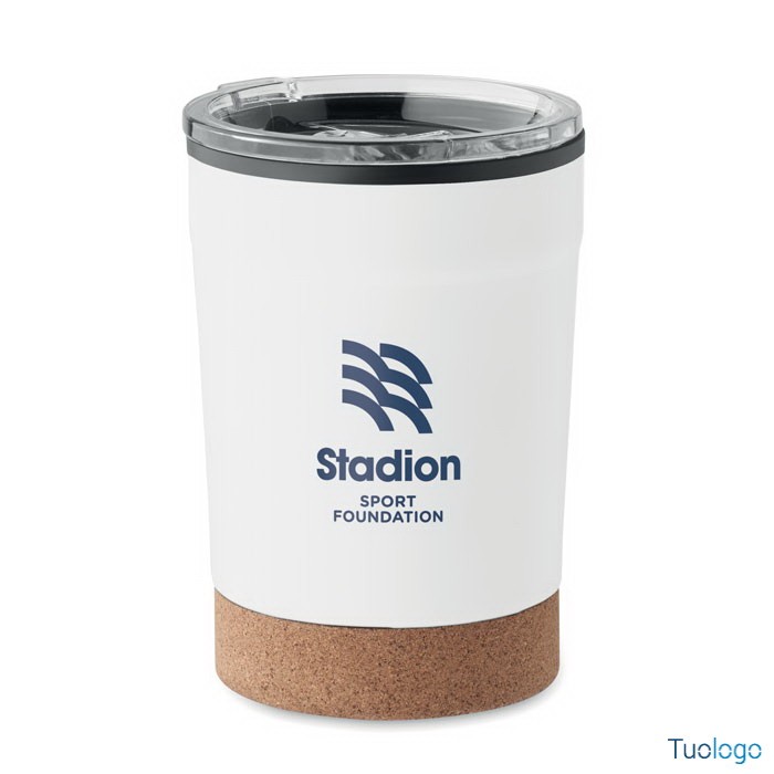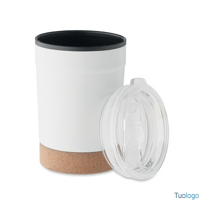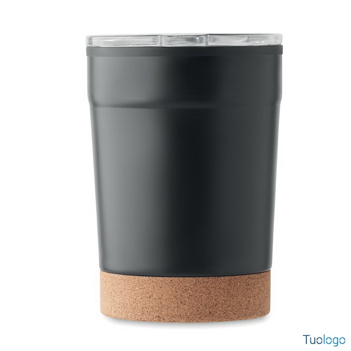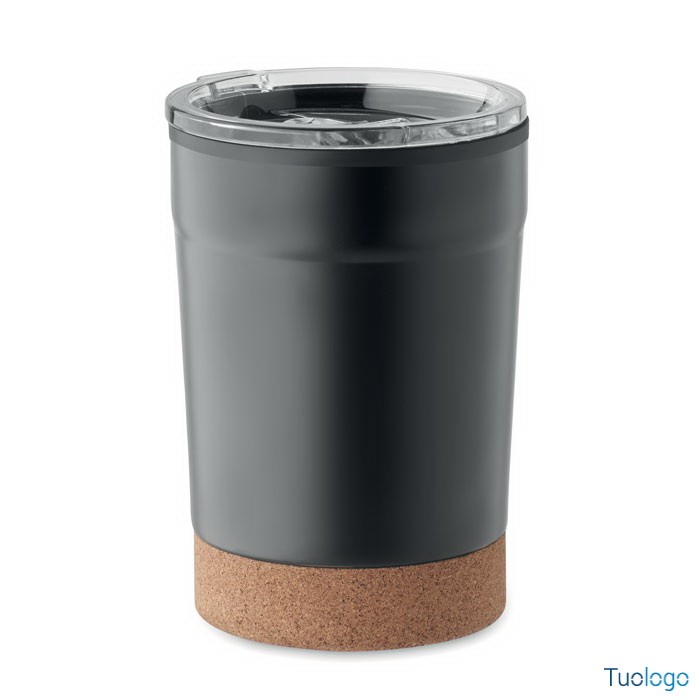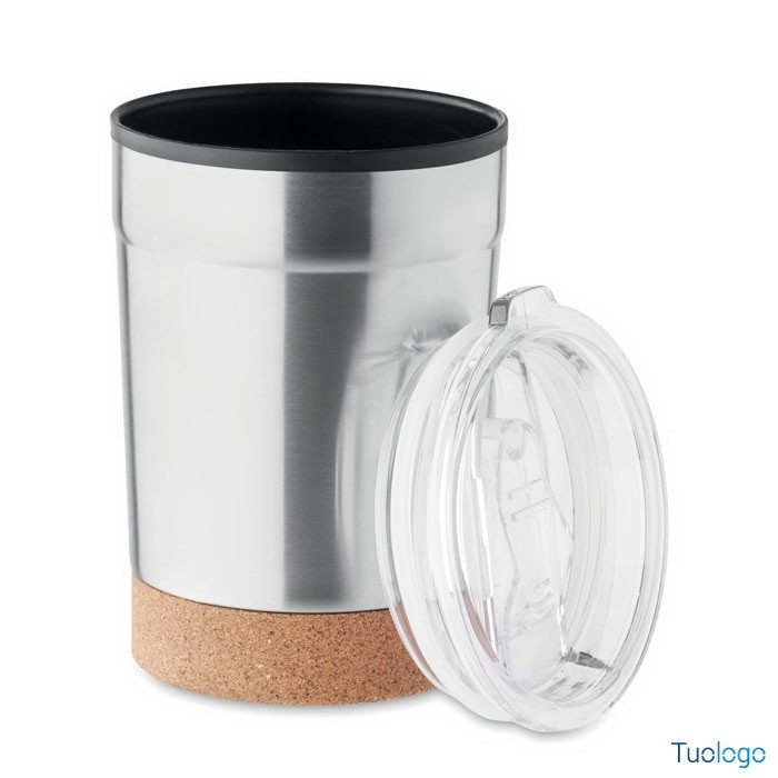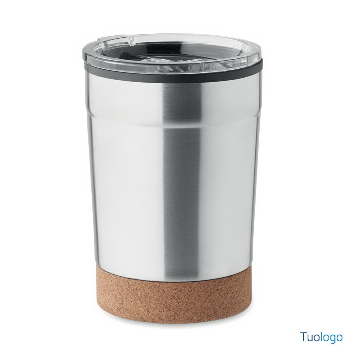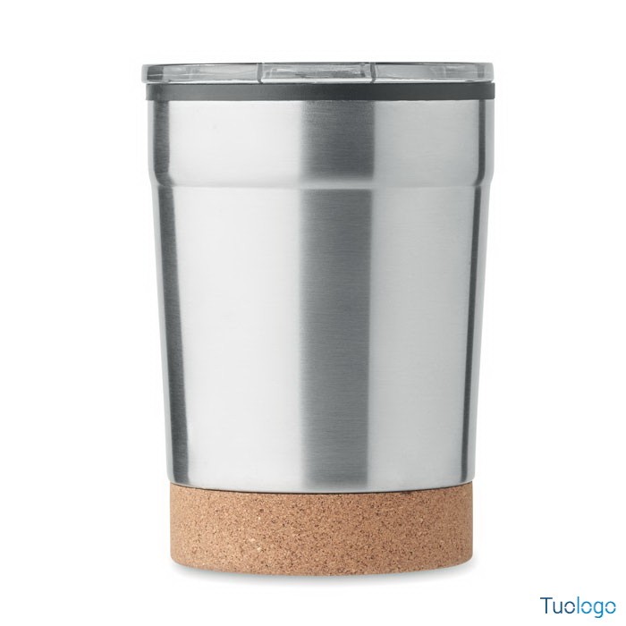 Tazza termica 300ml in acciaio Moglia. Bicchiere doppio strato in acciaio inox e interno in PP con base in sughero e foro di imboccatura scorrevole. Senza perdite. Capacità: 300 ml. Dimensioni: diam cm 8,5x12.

==

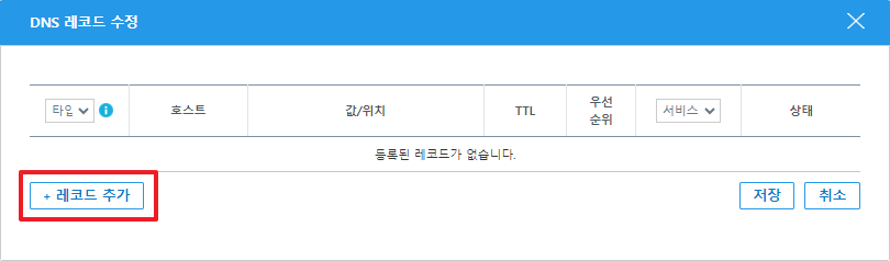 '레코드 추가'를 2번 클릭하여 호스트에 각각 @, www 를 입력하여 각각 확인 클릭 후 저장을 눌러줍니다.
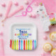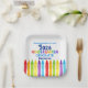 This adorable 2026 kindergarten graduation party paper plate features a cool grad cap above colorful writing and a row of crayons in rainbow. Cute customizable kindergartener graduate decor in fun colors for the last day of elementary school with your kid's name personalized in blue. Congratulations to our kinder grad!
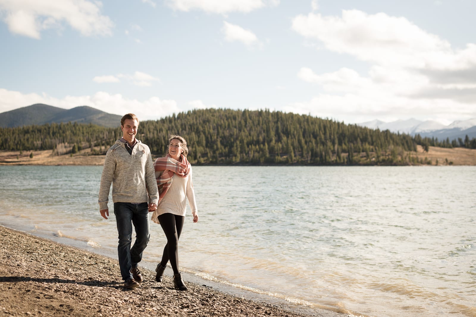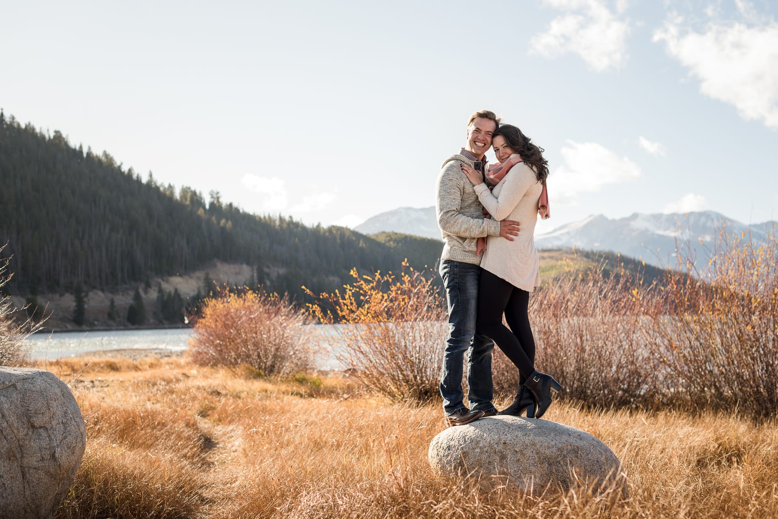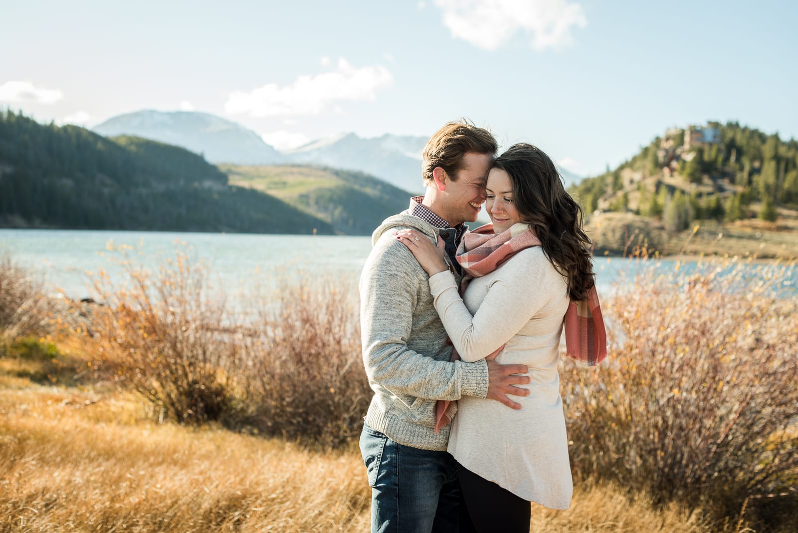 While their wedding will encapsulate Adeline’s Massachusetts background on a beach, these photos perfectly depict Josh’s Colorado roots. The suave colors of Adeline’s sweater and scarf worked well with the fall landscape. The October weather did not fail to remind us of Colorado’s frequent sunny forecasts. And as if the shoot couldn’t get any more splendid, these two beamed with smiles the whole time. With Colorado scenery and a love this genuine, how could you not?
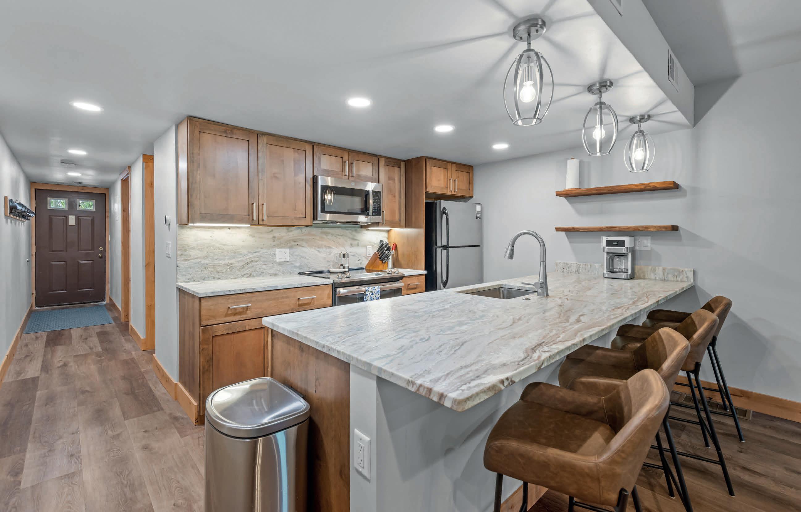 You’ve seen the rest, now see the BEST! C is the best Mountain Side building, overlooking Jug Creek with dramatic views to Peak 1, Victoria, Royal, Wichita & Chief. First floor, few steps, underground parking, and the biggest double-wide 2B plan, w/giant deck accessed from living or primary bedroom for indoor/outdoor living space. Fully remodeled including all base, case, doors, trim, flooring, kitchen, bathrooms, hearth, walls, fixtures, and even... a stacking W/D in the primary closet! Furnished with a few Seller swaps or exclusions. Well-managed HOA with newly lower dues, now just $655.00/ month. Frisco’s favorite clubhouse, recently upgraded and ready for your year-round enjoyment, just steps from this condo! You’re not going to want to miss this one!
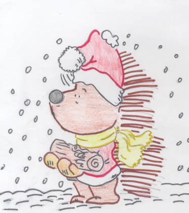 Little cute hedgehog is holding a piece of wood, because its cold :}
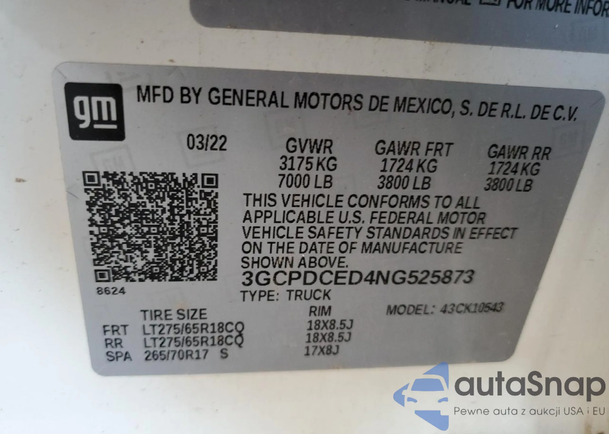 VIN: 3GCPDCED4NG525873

• [WHAT YOU ARE ASKED TO DO] Within the data above, repeat exactly the lines from the one bearing "후 저장을 눌러줍니다." through the one bearing "While their wedding". Include no pictures and nothing else.

• [RESULT]
 '레코드 추가'를 2번 클릭하여 호스트에 각각 @, www 를 입력하여 각각 확인 클릭 후 저장을 눌러줍니다.
 This adorable 2026 kindergarten graduation party paper plate features a cool grad cap above colorful writing and a row of crayons in rainbow. Cute customizable kindergartener graduate decor in fun colors for the last day of elementary school with your kid's name personalized in blue. Congratulations to our kinder grad!
 While their wedding will encapsulate Adeline’s Massachusetts background on a beach, these photos perfectly depict Josh’s Colorado roots. The suave colors of Adeline’s sweater and scarf worked well with the fall landscape. The October weather did not fail to remind us of Colorado’s frequent sunny forecasts. And as if the shoot couldn’t get any more splendid, these two beamed with smiles the whole time. With Colorado scenery and a love this genuine, how could you not?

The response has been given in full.